“Here Æschylus lies, from his Athenian home

Remote, ’neath Gela’s wheat-producing loam.

How brave in battle was Euphorion’s son

The long-haired Mede can tell that fled from Marathon.”

With regard to the great merits of Æschylus both as a poet and as the creator of the tragic stage, there is but one testimony among the writers of antiquity. He not only introduced, as we have elsewhere stated, a second, and afterwards a third actor—without which there was no scope for the proper representation of an action—but he made the greatest improvements in the whole machinery and decorations of the stage, gave dignity to the actors by a minute attention to their masks, dresses, and buskins,[8] besides attending specially to the graceful culture of the dance, according to the testimony of Athenæus above quoted. As a dramatist he is distinguished by peculiar loftiness of conception and grandeur of phraseology. His style is sometimes harsh and abrupt, but it is always manly and vigorous; his metaphors are bold and striking, with something at times almost oriental in their cast; and, though not free from the offence of mixing incongruous metaphors—the natural sin of an imagination at once fearless and fertile—I do not think he can be fairly charged with turgidity and bombast; for, as Aristophanes remarks, in the Frogs, there is a superhuman grandeur about his characters which demands a more than common elevation of phrase.[9] As to the obscurity with which he has been charged, the comparative clearness of those plays which have been most frequently transcribed is a plain indication that this fault proceeds more from the carelessness of stupid copyists, than from confusion of thought or inadequate power of expression in the writer. In some cases, as in the prophecy of Calchas in the opening scene of the Agamemnon, the obscurity is studied and most appropriate. Poetry, like painting, will have its shade. But the great excellence of Æschylus, as a poet, is the bracing tone of thorough manhood, noble morality, and profound piety which pervades his works. Among those who are celebrated by Virgil as walking with Orpheus and Musæus in blissful Elysium—

“Quique pii vates et Phoebo digna locuti,”
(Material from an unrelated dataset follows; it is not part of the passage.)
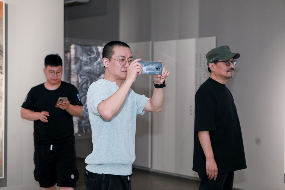 本次展览共计展出徐善循近年创作的绘画作品130余件,艺术家以独特的艺术语言和对 “形” 与 “象” 进行分析与融和,线条挣脱“物、象”的束缚,生命的原始力量在水墨氤氲中觉醒,将“大象无形” 的东方哲思化作 “循形” 的艺术实践,为观众带来全新的视觉体验与心灵触动。展览当日还举办了徐善循作品艺术研讨会,与会艺术评论家围绕徐善循作品中的东方哲学内核、当代艺术语言以及水墨与抽象的未来等议题展开了深入对话,探讨徐善循在当代艺术语境下的探索与突破。徐善循的绘画一方面依循外象并遵循形式结构原理,另一方面则归于个人图式和符号——是具象的个人情感图景,也是抽象化的私人结界景观。抽象表现主义艺术家罗斯科坚定地认为艺术是作为与观众交流的桥梁,徐善循的绘画也是其内心的独白,之所以说是独白,是因为艺术家以几近偏执却了无羁绊的自语构建了内心的洪荒结界。当代中国绘画发展出了众多支系,徐善循的绘画在高度景观化的大文化语境中像是一种野性的呐喊,而这种语言的探索和实践正是艺术走向不同向度的能指基础。

the poet of the Eumenides deserves the first rank. There is a tradition current, in various shapes, among the ancient writers that he was brought before the Court of the Areopagus (so nobly eulogised by himself), on the charge of impiety, but that he was acquitted. That the Athenians might have taken offence at the freedom and boldness with which he handled religious, as other topics, is possible, though certainly by no means probable, considering how little of fixed doctrine there was in their imaginative theology; but it is more like the truth, according to the accounts which we have, that the offence which he gave consisted in some purely accidental allusion occurring in one of his plays, to some points that were, or seemed to be connected with the awful Eleusinian mysteries.[10] Certain it is that no writer could be less justly charged with impiety or irreligion. In his writings, religion is the key-note; and the noblest moral sentiments spring everywhere from the profoundest faith in a system of retribution carried on by the various personages of the great celestial aristocracy, of which Jove is the all-powerful and the all-wise head. So sublime, indeed, is the Æschylean theology, that certain modern writers, as if unwilling to think that such pure notions could co-exist with a belief in the popular religion, have concluded that the poet, like Euripides afterwards, must have been a free-thinker; and have imagined that they have found sure indications to this effect in his writings. But, though Æschylus was a Pythagorean (Cic. Tusc. II. 10), we have no proof that the Pythagoreans, any more than their successors, the Platonists, were given to scepticism. The seriousness of a poetic mind like that of Æschylus is, at all times, naturally inclined to faith; and the multiform polytheism of the Greeks was as pliable in the hands of pure men for pure purposes, as in the hands of gross men, to give a delusive ideality to their grossness.[11]